Chacun le sait, lors de l’élaboration de ses lignes directrices de gestion (LDG), qui posent la stratégie de l’employeur en matière d’avancement et de promotion, la Région Nouvelle-Aquitaine a inscrit des conditions supplémentaires pour l’accès à certains grades. Pour mémoire, le législateur a déjà prévu, dans les décrets portant statut des différents grades de la Fonction Publique Territoriale, des conditions claires. Par exemple : pour être promouvable au grade Y il faut tant d’années de service, dans telles fonctions, etc.
La Région n’est pas la seule à avoir voulu rajouter ses propres critères. Lorsqu’en 2019 la loi de Transformation de la Fonction Publique leur en a donné la possibilité, beaucoup d’employeurs territoriaux ont décidé que le législateur s’était montré trop large, ou ressenti le besoin de corseter la masse salariale, et ont donc ajouté aux conditions du décret des conditions « maison ». A la Région Nouvelle-Aquitaine, par exemple, ce sont pour l’essentiel des conditions de fonction qui sont venues se rajouter à celles de grade et d’ancienneté prévues par les décrets. Ainsi, sur la catégorie A – qui concentre la plupart de ces conditions – l’accès à telle promotion ou à tel avancement n’est ainsi possible que si l’agent remplit les conditions statutaires ET qu’il occupe des fonctions d’encadrement de niveau sous-directeur, voire directeur.
Que les employeurs souhaitent décider de leur politique RH est une chose – c’est d’ailleurs raccord avec le pouvoir donné par le Code Général des Collectivités Territoriales à l’exécutif qui est libre de promouvoir et de nommer aux emplois. On comprend aussi que le critère de la fonction a l’avantage d’être simple à contrôler : un coup d’oeil sur l’organigramme suffit pour dire si l’agent encadre ou pas au niveau requis par les LDG. Mais la simplicité du critère ne l’empêche pas de soulever des difficultés, et de nous poser quelques questions.
Premier questionnement : si pour accéder au grade X il faut occuper le niveau de fonction Y, seule cette minorité d’agent peut donc prétendre à dérouler sa carrière. Pour tous les autres, c’est l’impasse.
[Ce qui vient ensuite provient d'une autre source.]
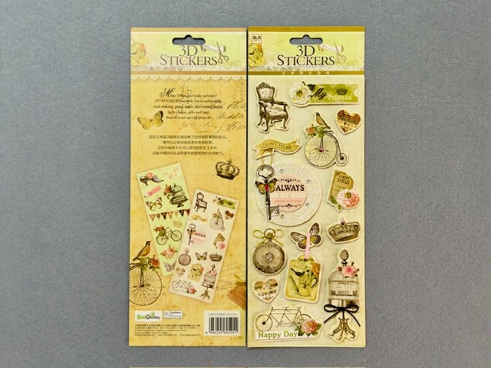 Набір різнокольорових 3D стікерів розміром 11*29 см. Прекрасно підійде для оформлення робіт у техніці скрапбукінгу: тематичних альбомів, скрап-сторінок, подарунків, фоторамок або листівок. Стікери мають різний дизайн, виготовлені з тонкого картону, закріплені клейовою подушечкою на наклейці-основі, достатньо відклеїти наклейку від листа та розмістити на своїй роботі. Ваша робота набуде нових барвистих акцентів. Ціна за 1 уп

Non seulement cela impose la mobilité à des agents expérimentés, mais cela décourage les agents qui n’ont pas déjà décroché ce grade de rejoindre la collectivité. Alors que les vagues de départ à la retraite vont amener toutes les collectivités à jouer les chasseurs de têtes pour attirer et fidéliser des agents, pas sûr que cet obstacle au déroulement de carrière soit un élément très attractif ni très fidélisant de la marque employeur.
Second questionnement : d’un côté les employeurs territoriaux conditionnent l’accès au grade à l’exercice d’une fonction, mais de l’autre on voit qu’ils font aussi (et en même temps) l’inverse, en choisissant les grades qui conditionnent la recevabilité des candidatures à la fonction en question. On arrive à la situation où il faut déjà être directeur pour prétendre au grade X, mais où en même temps la détention du grade X est un plus pour être nommé directeur. L’effet est pénalisant pour les candidatures internes et même, d’une façon générale, sur les candidatures statutaires. A nouveau, ça ne nous semble pas idéal en termes d’attractivité de la Fonction Publique.
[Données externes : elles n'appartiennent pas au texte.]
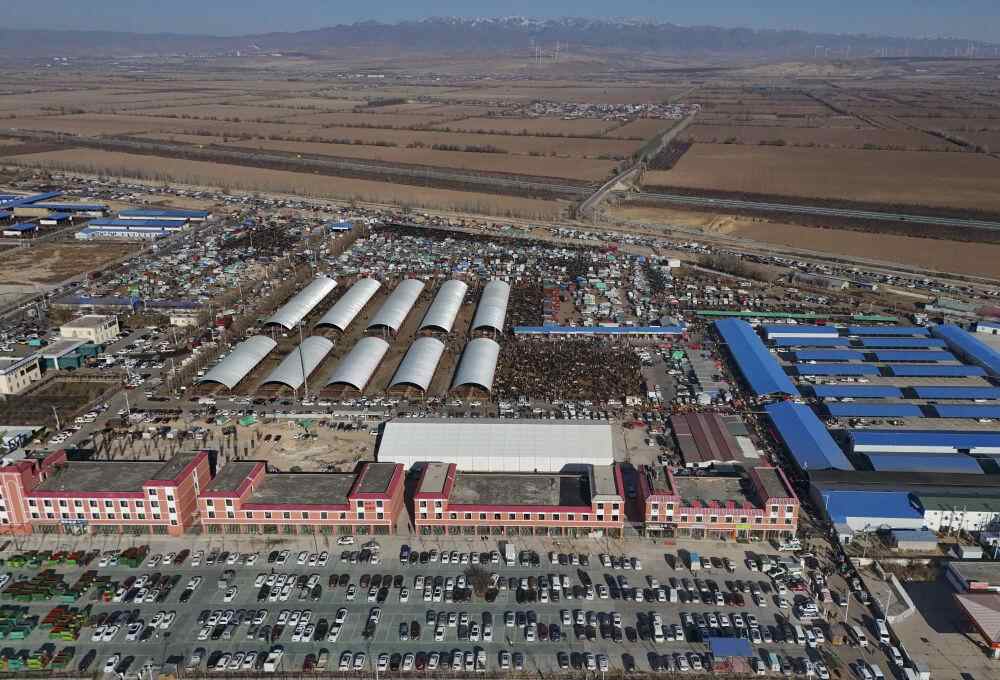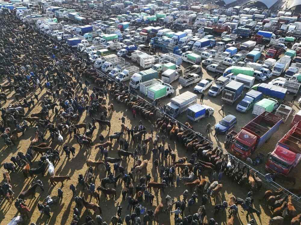 新疆创锦黄公农产品交易市场的马匹交易区(无人机照片)。

Enfin un dernier questionnement sur cette pratique de la condition de fonction. En faisant de l’exercice effectif des fonctions d’encadrement la condition sine qua non pour être promu ou avancé en grade, on s’interdit de regarder la carrière de l’agent. De nombreux agents publics ont encadré dans leurs fonctions précédentes, que ce soit ou non chez leur employeur actuel. Ils l’ont fait parfois pendant des années, avec parfois avec des équipes très importantes. Puis ces agents ont bifurqué, et pris un poste sans encadrement mais qui n’en est pas forcément moins essentiel ou moins complexe. Ne tenir compte que de leur place sur l’organigramme l’année de leur éventuelle promotion, c’est voir les choses par le mauvais bout de la lorgnette.
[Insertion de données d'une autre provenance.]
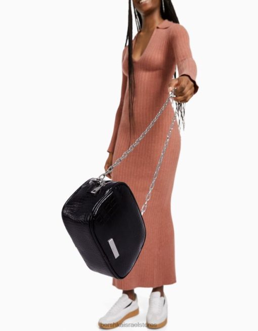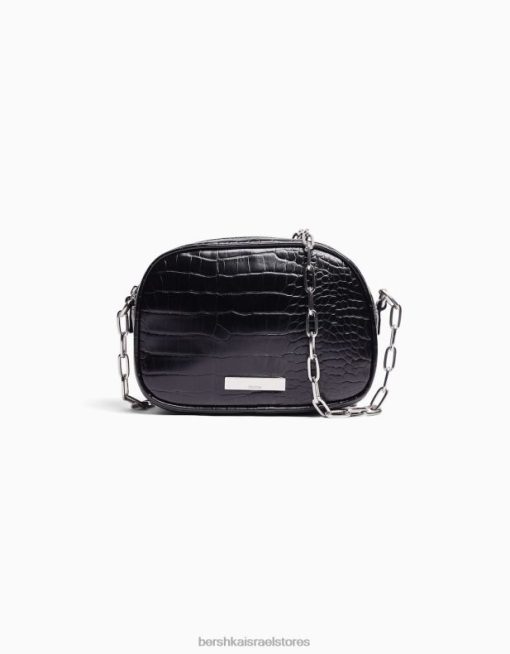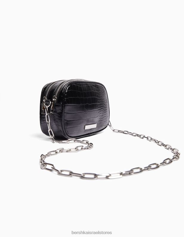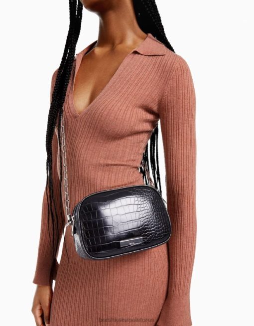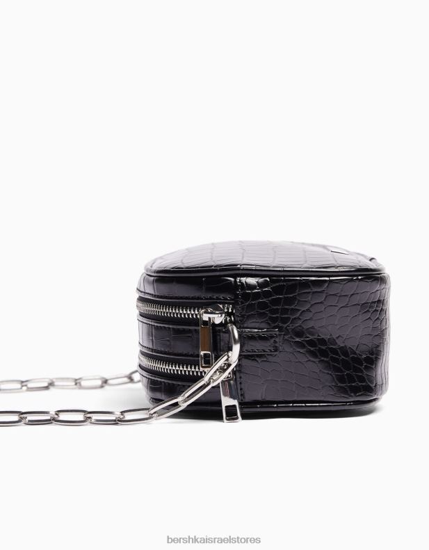 נשים תיק בעל מרקם עם רצועה ורוכסן כפול שָׁחוֹר 2L6JD2400 Bershka אביזרים

Pour revenir à notre situation au sein de la collectivité régionale, la FA-FPT souhaite voir levés ces obstacles supplémentaires au déroulement de la carrière. Ces conditions supplémentaires n’ajoutent rien à la liberté de l’Exécutif, mais peuvent finir par convaincre des collègues que la voie de l’évolution de leur carrière leur est définitivement barrée dans notre collectivité. En ne faisant plus de l’exercice effectif de tel ou tel niveau d’encadrement l’alpha et l’omega de l’accès aux hauts grades territoriaux, en tenant compte de l’expertise et de tout le parcours, et en ouvrant de plus larges perspectives de déroulement de carrière, il nous semble que la Nouvelle-Aquitaine ferait un investissement utile dans ses forces vives.